→ **Collected data**
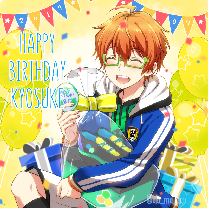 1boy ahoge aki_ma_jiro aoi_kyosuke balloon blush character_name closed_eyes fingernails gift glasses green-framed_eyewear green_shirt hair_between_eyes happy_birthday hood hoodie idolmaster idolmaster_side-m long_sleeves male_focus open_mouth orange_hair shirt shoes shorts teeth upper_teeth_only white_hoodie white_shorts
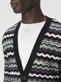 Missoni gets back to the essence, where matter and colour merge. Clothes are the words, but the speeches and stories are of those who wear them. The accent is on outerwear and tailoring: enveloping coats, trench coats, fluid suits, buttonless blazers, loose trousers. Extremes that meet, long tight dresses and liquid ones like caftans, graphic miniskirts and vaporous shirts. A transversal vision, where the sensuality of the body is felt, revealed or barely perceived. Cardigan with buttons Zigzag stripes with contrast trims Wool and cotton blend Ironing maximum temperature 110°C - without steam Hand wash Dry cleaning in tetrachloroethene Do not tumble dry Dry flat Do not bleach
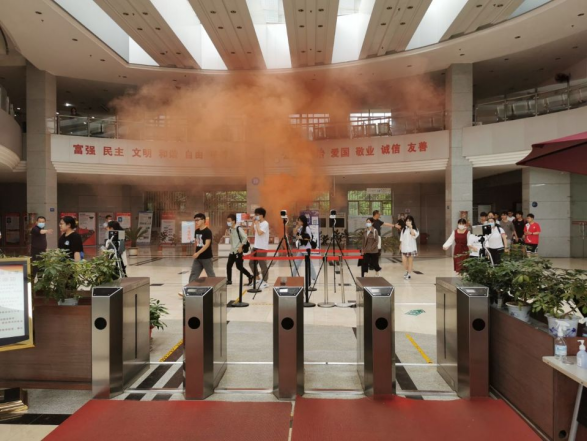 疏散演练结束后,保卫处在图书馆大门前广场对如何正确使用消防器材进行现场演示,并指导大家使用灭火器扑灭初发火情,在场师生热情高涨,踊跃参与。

→ **What you will do**
Repeat the data exactly, without the pictures.

→ **Your response**
 1boy ahoge aki_ma_jiro aoi_kyosuke balloon blush character_name closed_eyes fingernails gift glasses green-framed_eyewear green_shirt hair_between_eyes happy_birthday hood hoodie idolmaster idolmaster_side-m long_sleeves male_focus open_mouth orange_hair shirt shoes shorts teeth upper_teeth_only white_hoodie white_shorts
 Missoni gets back to the essence, where matter and colour merge. Clothes are the words, but the speeches and stories are of those who wear them. The accent is on outerwear and tailoring: enveloping coats, trench coats, fluid suits, buttonless blazers, loose trousers. Extremes that meet, long tight dresses and liquid ones like caftans, graphic miniskirts and vaporous shirts. A transversal vision, where the sensuality of the body is felt, revealed or barely perceived. Cardigan with buttons Zigzag stripes with contrast trims Wool and cotton blend Ironing maximum temperature 110°C - without steam Hand wash Dry cleaning in tetrachloroethene Do not tumble dry Dry flat Do not bleach
 疏散演练结束后,保卫处在图书馆大门前广场对如何正确使用消防器材进行现场演示,并指导大家使用灭火器扑灭初发火情,在场师生热情高涨,踊跃参与。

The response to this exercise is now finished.